#### [Task to complete]
Here the job is to repeat the listing exactly, but not the pictures in it.

#### [Provided material]
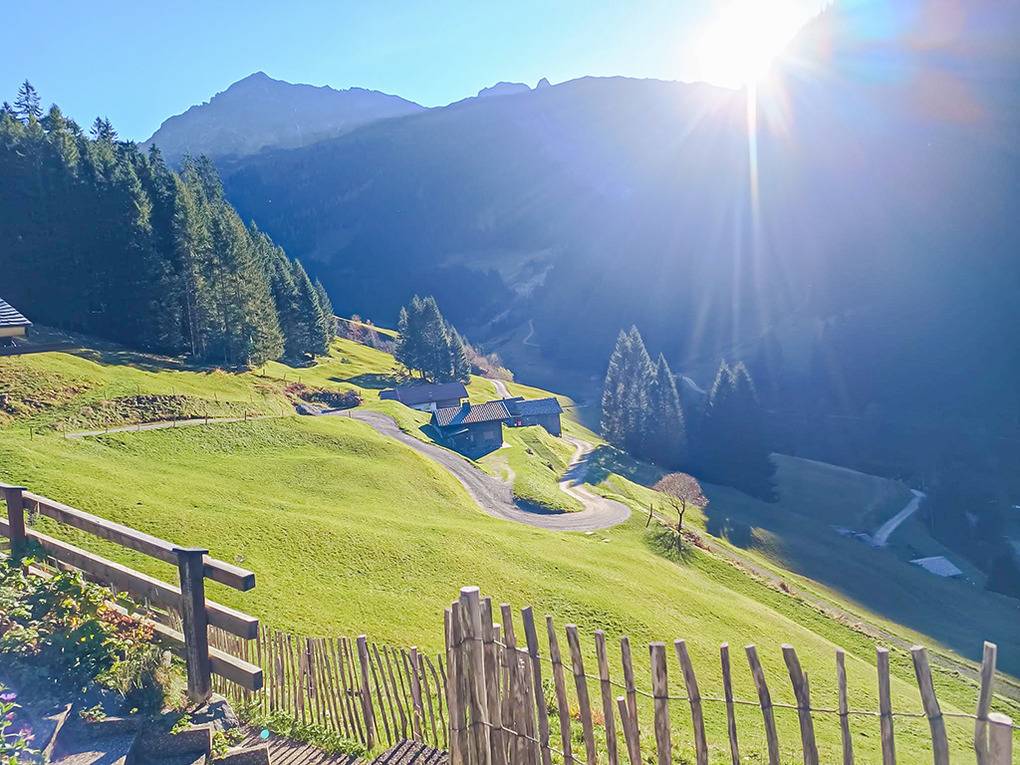 Ort: Silbertal. Idyllische Lage in unberührter Natur im hinteren Silbertal. Ruhige, sonnige Hanglage inmitten von Almwiesen mit herrlichem Talblick. Schöne Wander- und Mountainbike-Routen u.a. bis ins Klostertal und zum Arlberg. Pkw-Zufahrt bis zum Haus. Ortsmitte 6 km. Schruns 12 km.
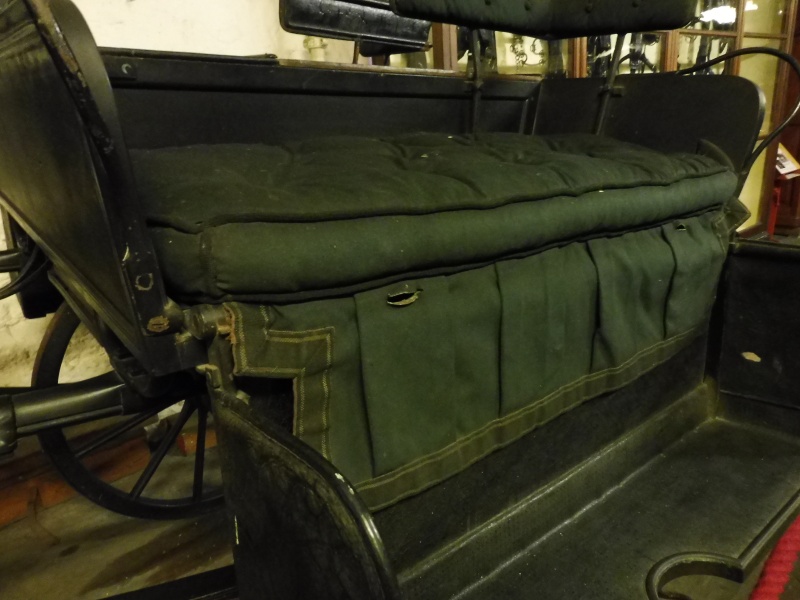 Running along the centre of the shafts and supported on iron brackets is a storage box with a hinged lid for the passenger to put their luggage in. Fixed to the rear of the box is a longitudinal panel which forms the seat sides with leather splash guards at each end. A similar panel is at the front. The panels have rounded corners and slightly exaggerated curved iron grab handles. The luggage box forms the back panels of the seats with lazy backs fitted to the seats at the rear of the carriage which are upholstered in a blue/green box cloth. A pleated seat drop is also in blue/green box cloth and has an broadlace in a similar colour with a gold stripe.
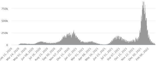 World: Number of daily confirmed cases:

#### [Reply]
 Ort: Silbertal. Idyllische Lage in unberührter Natur im hinteren Silbertal. Ruhige, sonnige Hanglage inmitten von Almwiesen mit herrlichem Talblick. Schöne Wander- und Mountainbike-Routen u.a. bis ins Klostertal und zum Arlberg. Pkw-Zufahrt bis zum Haus. Ortsmitte 6 km. Schruns 12 km.
 Running along the centre of the shafts and supported on iron brackets is a storage box with a hinged lid for the passenger to put their luggage in. Fixed to the rear of the box is a longitudinal panel which forms the seat sides with leather splash guards at each end. A similar panel is at the front. The panels have rounded corners and slightly exaggerated curved iron grab handles. The luggage box forms the back panels of the seats with lazy backs fitted to the seats at the rear of the carriage which are upholstered in a blue/green box cloth. A pleated seat drop is also in blue/green box cloth and has an broadlace in a similar colour with a gold stripe.
 World: Number of daily confirmed cases:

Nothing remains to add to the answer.